Não está claro como os editores
do Times puderam determinar, em poucas horas, o humor de 340 milhões
de pessoas. Pode haver, é claro, certo grau de confusão e perplexidade, como
sempre acontece em meio a eventos tão chocantes. Mas a “perplexidade” está
longe de ser a única resposta, e muito menos a dominante. Houve muitos assassinatos
em massa nas últimas duas décadas para que os cidadãos ficassem apenas
perplexos. Há muita raiva e indignação. As pessoas estão cansadas de ouvir os
políticos responderem a esses assassinatos em massa com os discursos de sempre.
Na noite de domingo, os participantes de uma vigília em Dayton gritavam para o
governador republicano de Ohio, Mike DeWine, “fazer alguma coisa!” em relação
aos assassinatos em massa.
Em qualquer caso, na medida em
que há “perplexidade” – isto é, confusão quanto às razões para essa enorme
quantidade de assassinatos –, o New York Times e o resto da mídia
fizeram tudo o que puderam para desorientar e enganar o público.
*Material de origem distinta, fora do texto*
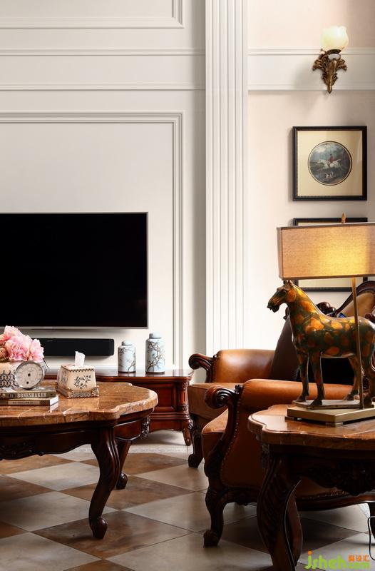 護(hù)墻板頂上的裝飾物精致,有種莊重的感覺。室內(nèi)設(shè)計(jì)師挑選胡桃木的家具木紋精雅別致,優(yōu)雅大方,電視柜、茶幾和沙發(fā)步調(diào)一致,粉色的插花給整個(gè)環(huán)境帶來一絲溫柔。
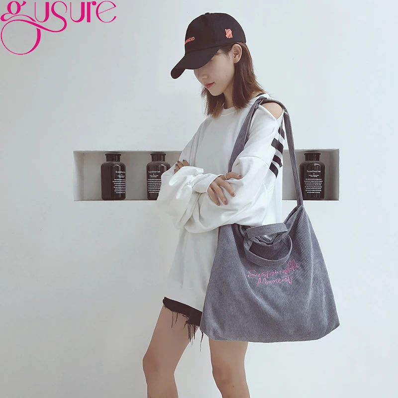 Gusure, женские винтажные сумки для покупок, Вельветовая сумка на плечо, Студенческая книжная сумка, сумки большой емкости, Женская Повседневная Сумка-тоут

Ao invés de realizar um exame
sério do ambiente social e político que levou ao ressurgimento da violência fascista,
o Times e os setores mais influentes da mídia capitalista afirmam que
a causa essencial dos assassinatos em massa encontra-se em um difundido e
orgânico racismo, que é um componente quase inato e impossível de se erradicar
da identidade “branca”.
Na manchete de seu principal
editorial de segunda-feira, o Times declarou: “Temos um problema
terrorista nacionalista branco”. O termo “nacionalista branco” ou “nacionalismo
branco” aparece 20 vezes em um editorial que exige uma campanha como aquela da
“guerra ao terror”. No entanto, há apenas uma referência passageira e acidental
ao fascismo e ao nazismo. Uma avaliação racialista da causa da
violência toma o lugar de uma explicação política.
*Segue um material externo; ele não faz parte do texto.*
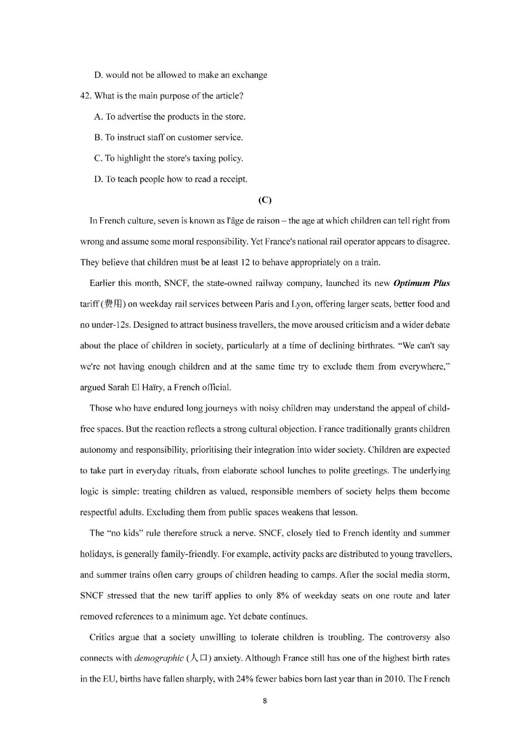 >2026届上海市奉贤区高三二模英语试卷(含答案)

A mesma edição do Times traz
um artigo de opinião de Melanye Price, autora de The Race Whisperer:
Barack Obama and the Political Uses of Race. Com o título “O racismo é problema
de todos”, Price escreveu que Trump “escolheu utilizar questões como imigração,
crime e o censo para fomentar os medos raciais entre os brancos”. As soluções
reais para essa situação “exigem uma discussão franca com as pessoas que
cometem racismo e que se beneficiam de políticas racistas”.
Aqueles que “se beneficiam” das
políticas racistas, segundo Price, são o que ela repetidamente chama de “pessoas
brancas”. Ela espera que os candidatos presidenciais discutam “como o
privilégio branco e o racismo moldaram tão profundamente esse país que alguns
brancos não podem sequer ver como se aproveitam dos benefícios racistas”. Isto
é, “pessoas brancas” são beneficiárias universais do “privilégio branco” e do
racismo, mesmo que elas se oponham ao racismo.
É claro que o racismo existe,
assim como os supremacistas brancos, mas o conceito de uma “raça branca” ou uma
“nação branca” é absurdo do ponto de vista biológico ou da situação histórica.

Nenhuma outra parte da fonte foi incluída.